DATA:
■ ■ ■ ■
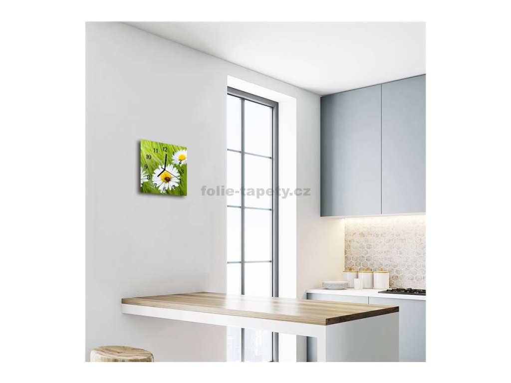 Nástěnné hodiny obrazové na skle - Kopretiny a beruška
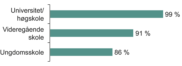 Utdanningsnivå og nettbruk henger sammen. Av de med høyere utdanning har 99 prosent vært på nettet nylig. For de som kun har ungdomsskoleutdanning, er andelen noe lavere, 86 prosent.
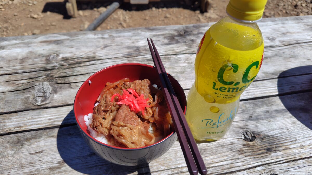 その前に、おなかが空いたので、行者小屋で牛丼とCCレモンを購入。しばしランチ休憩を取りました。
■ ■ ■ ■
INSTRUCTIONS FOR THE TASK: Would you return the data exactly as written, without the pictures?

YOUR RESPONSE:
 Nástěnné hodiny obrazové na skle - Kopretiny a beruška
 Utdanningsnivå og nettbruk henger sammen. Av de med høyere utdanning har 99 prosent vært på nettet nylig. For de som kun har ungdomsskoleutdanning, er andelen noe lavere, 86 prosent.
 その前に、おなかが空いたので、行者小屋で牛丼とCCレモンを購入。しばしランチ休憩を取りました。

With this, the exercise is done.